Точка зрения. Дело № 34/1. Сточные вены
Шрифт:
– Угу-угу!
– Ну извини, это ты у себя в сиськах можешь целый квартал спрятать, и никто не заметит разницы! Ты в курсе, что сначала заходит содержимое твоего декольте, а потом уже ты сама?
– Заткнись.
– Сама заткнись!
– Ты – первый!
– Так ты пойдешь переодеваться, или нет?
Они спорили тихо, впрочем, сегодня это было не важно. Сегодня никому не было до них дела.
А им никогда не было дела до всех остальных. По крайней мере, так казалось.
Мэри
В
Рассветы становятся все серее.
И это ей не нравится. Она хочет насладиться красками, пока есть время.
Сегодняшний рассвет был прекрасен. Он был желтым, оранжевым и немного алым. Он окрасил пожухлую траву возле Крематория в яркие цвета, и Мэри улыбалась, глядя, как мир становится цветным.
Хороший знак? Нет, никакого знака. Все испортили глаза, потемневшие в миг наивысшей красоты. Проморгавшись, Мэри обнаружила, что рассвет закончился. А небо затянули тучи.
Каждый день. Теперь приступы кратковременной слепоты приходят каждый день.
Неотвратимость скорой тьмы пугает. Но иногда Мэри хочет, чтобы все уже случилось. Надежда, которая умирает и возрождается, приносит жуткую боль.
Она – одна из жнецов Смерти. Но собрания культа давно не проводились: подкупленный ими смотритель Крематория приболел, и когда он снова сможет открыть им двери царства смерти, праха и пепла – неизвестно.
Мэри этому рада.
Возможно, потому что сейчас, когда она еще видит, жизнь важнее смерти.
Пока – важнее.
Сварив кофе, Мэри садится на кресло и пытается разглядеть картину, что нарисовала вчера вечером. На ней человек в белоснежных одеждах, который держит в руках что-то красное. К сожалению, рисовать красками она больше не может. Потому что чем ближе она подходит к предмету – тем хуже его видит.

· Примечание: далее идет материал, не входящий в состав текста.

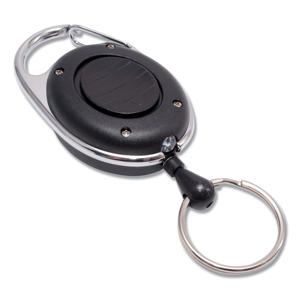 Carabiner badge reel comes in handy when you need to show your badge in dimly lit areas or when you just need a little extra light. LED light is at base of reel and turns on and off with the slide of your thumb. Clips securely around belt loops, bags and purse straps. Cord Material(s): Nylon; Cord Length: 24″; Reel Frame Material(s): Plastic; Color(s): Black.

Поэтому она рисует мыслью.
Образы были совсем другими. Она представляла себе море, песок и солнце. Завтра в Горшечном Квартале будет ярмарка, и Мэри хочет продать как можно больше картин.
Деньги заканчиваются.
Она представляла идиллическую картину, а в итоге нарисовала человека на темно-бордовом фоне, который протягивает к ней ладони. На ладонях что-то красное.
Что? Ткань? Или кровь?
Нужен кто-то, кто ей об этом скажет.
Тот, кто видит.
И Мэри чувствует, что скоро ей помогут.
Они оба всегда излучают жизнь. Для них существование в этом мире – радость. И они заражают этой радостью других.

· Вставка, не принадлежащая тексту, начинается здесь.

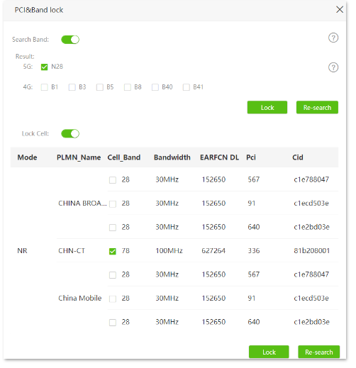 Step4: 1、navigate to Advanced Settings> PCI&Band lock; 2、Enable Search Bandand Lock Cell; 3、Select the 4G/5G frequency bandsor Cell_Bandto be locked as required; 4、Click Lock.The following figure is for reference only.---End

Мэри улыбается, слушая их шаги по лестнице и привычную перепалку на совершенно дикие темы. Они поддерживают друг в друге эту жизнь. Они – как одно целое. Но между ними нет чувственности. Дополняя друг друга, они не пересекают грань крепкой дружбы.
В это не верят.
Это странно в свете их внешности и отношений.
Но это так.
Мэри подходит к двери и открывает ее. Она ждет их на пороге, осознавая, что жаждет окунуться в их жизнелюбие. Согреться им.
Обычно она не скучает по Призрачным Теням. Это – прерогатива Томаса.

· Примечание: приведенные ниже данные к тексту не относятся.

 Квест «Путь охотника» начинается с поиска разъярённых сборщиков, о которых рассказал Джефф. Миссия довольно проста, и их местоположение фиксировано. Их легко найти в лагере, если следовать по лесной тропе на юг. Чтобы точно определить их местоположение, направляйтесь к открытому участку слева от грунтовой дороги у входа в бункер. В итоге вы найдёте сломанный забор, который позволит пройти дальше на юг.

Дело о съеденном крысами руководителе оркестра закончилось полторы недели назад. Томас точно уже скучает. А вот Мэри…
Они приближаются, и Мэри чувствует другие запахи. Досады, кремовых пирожных и свежих яблок.
– Да у тебя все слипнется, если ты их все съешь!
– Не все. А только задница. И то ненадолго.
– Помогать тебе не буду!
– Помогать делать что? Разлеплять задницу?
– Пожирать это сладкое нечто! О, привет Мэри! Джек был уверен, что ты выйдешь нас встречать!
Мэри улыбается. Перепалки Киры и Джека – это нечто постоянное. То, на чем стоит этот мир. Почему-то рисующая уверена, что если эти двое перестанут спорить, где-то рухнет один из столпов мироздания.
– Небеса… надо было раньше прийти… Ты хоть…
– Я вас вижу, – улыбается Мэри. – Пока – вижу.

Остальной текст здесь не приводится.